[[ Study material, beginning ]]
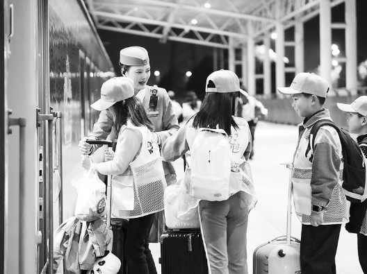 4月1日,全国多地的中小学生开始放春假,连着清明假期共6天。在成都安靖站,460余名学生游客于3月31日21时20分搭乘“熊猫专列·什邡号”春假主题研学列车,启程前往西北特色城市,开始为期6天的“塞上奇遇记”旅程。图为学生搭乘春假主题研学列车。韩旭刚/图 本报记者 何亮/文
[[ Study material, end ]]
[[ Study material, beginning ]]
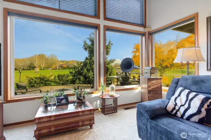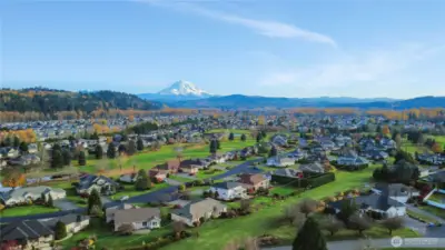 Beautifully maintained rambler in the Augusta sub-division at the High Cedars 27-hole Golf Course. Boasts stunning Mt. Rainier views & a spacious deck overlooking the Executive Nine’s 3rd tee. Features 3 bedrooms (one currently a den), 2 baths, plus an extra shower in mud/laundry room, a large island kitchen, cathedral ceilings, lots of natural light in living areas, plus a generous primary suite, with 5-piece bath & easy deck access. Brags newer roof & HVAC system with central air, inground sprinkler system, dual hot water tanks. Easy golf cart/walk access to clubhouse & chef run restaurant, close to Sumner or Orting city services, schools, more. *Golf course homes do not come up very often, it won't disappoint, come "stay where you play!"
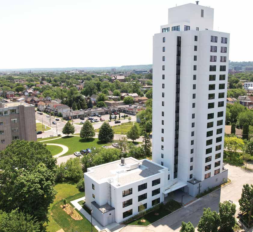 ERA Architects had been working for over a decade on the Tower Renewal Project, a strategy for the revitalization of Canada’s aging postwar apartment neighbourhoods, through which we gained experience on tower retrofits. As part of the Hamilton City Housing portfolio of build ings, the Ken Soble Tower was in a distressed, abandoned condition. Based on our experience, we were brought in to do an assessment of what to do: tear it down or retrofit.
[[ Study material, end ]]
## Exercise requirements
Starting at the line above that holds "Beautifully maintained rambler", repeat every line exactly down to and including the line that holds "ERA Architects had", then stop. Do not carry over any pictures.

## Reply to the exercise
 Beautifully maintained rambler in the Augusta sub-division at the High Cedars 27-hole Golf Course. Boasts stunning Mt. Rainier views & a spacious deck overlooking the Executive Nine’s 3rd tee. Features 3 bedrooms (one currently a den), 2 baths, plus an extra shower in mud/laundry room, a large island kitchen, cathedral ceilings, lots of natural light in living areas, plus a generous primary suite, with 5-piece bath & easy deck access. Brags newer roof & HVAC system with central air, inground sprinkler system, dual hot water tanks. Easy golf cart/walk access to clubhouse & chef run restaurant, close to Sumner or Orting city services, schools, more. *Golf course homes do not come up very often, it won't disappoint, come "stay where you play!"
 ERA Architects had been working for over a decade on the Tower Renewal Project, a strategy for the revitalization of Canada’s aging postwar apartment neighbourhoods, through which we gained experience on tower retrofits. As part of the Hamilton City Housing portfolio of build ings, the Ken Soble Tower was in a distressed, abandoned condition. Based on our experience, we were brought in to do an assessment of what to do: tear it down or retrofit.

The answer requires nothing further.